* **Dataset content**
▬▬▬▬▬▬

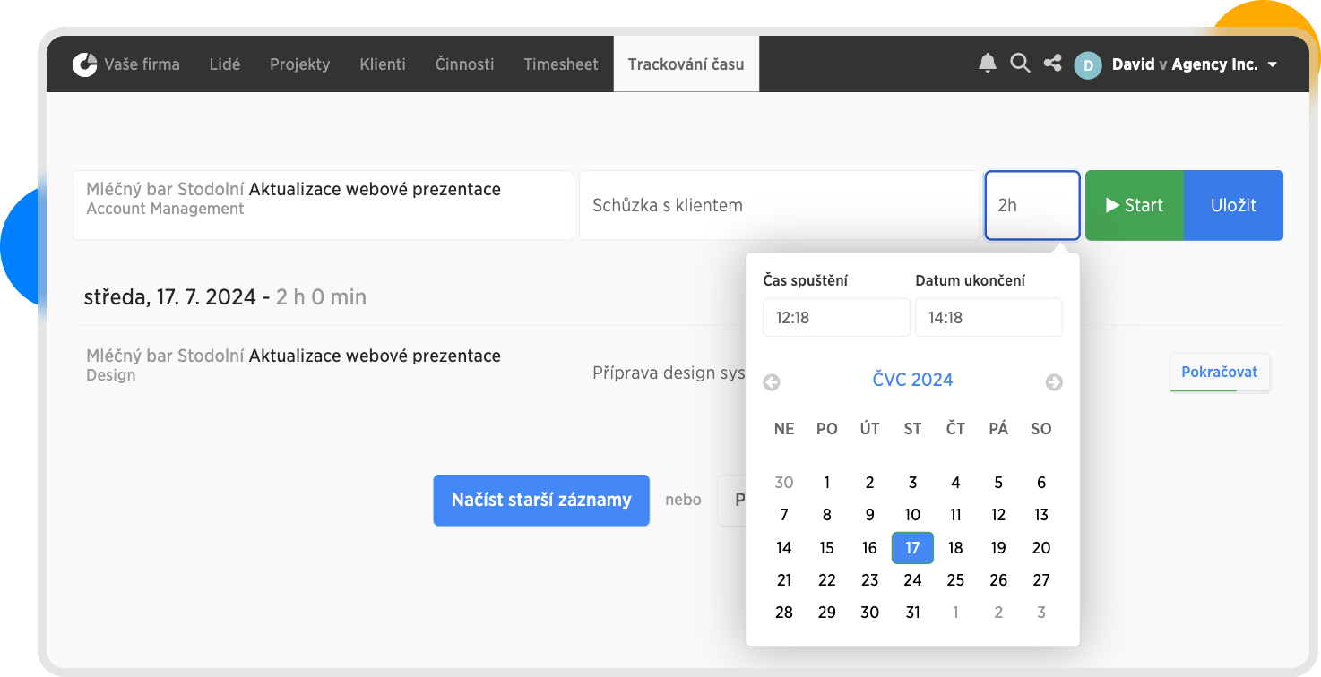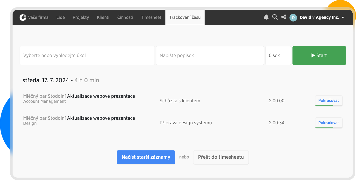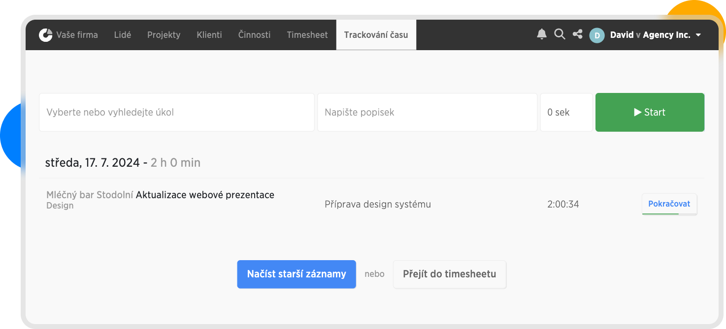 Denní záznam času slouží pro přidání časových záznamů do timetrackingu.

▬▬▬▬▬▬

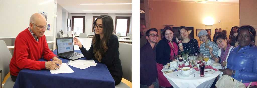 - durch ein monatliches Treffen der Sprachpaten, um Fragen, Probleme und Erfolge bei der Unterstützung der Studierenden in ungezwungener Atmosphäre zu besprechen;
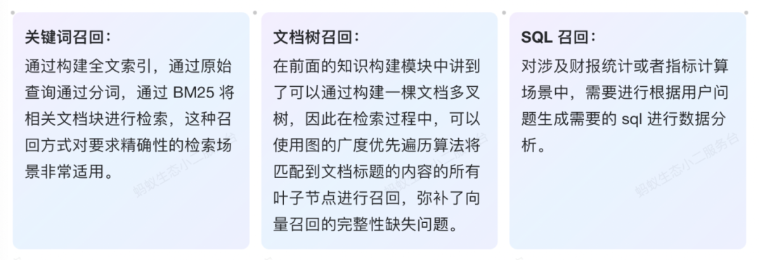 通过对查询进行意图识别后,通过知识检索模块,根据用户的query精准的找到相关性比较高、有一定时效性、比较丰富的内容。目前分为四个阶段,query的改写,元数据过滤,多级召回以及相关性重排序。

▬▬▬▬▬▬

* **Try it**
What are the lines above from the one with "- durch ein" to the one with "通过对查询进行意图识别后,通", both included? Reproduce them exactly, without pictures.

* **Answer space**
 - durch ein monatliches Treffen der Sprachpaten, um Fragen, Probleme und Erfolge bei der Unterstützung der Studierenden in ungezwungener Atmosphäre zu besprechen;
 通过对查询进行意图识别后,通过知识检索模块,根据用户的query精准的找到相关性比较高、有一定时效性、比较丰富的内容。目前分为四个阶段,query的改写,元数据过滤,多级召回以及相关性重排序。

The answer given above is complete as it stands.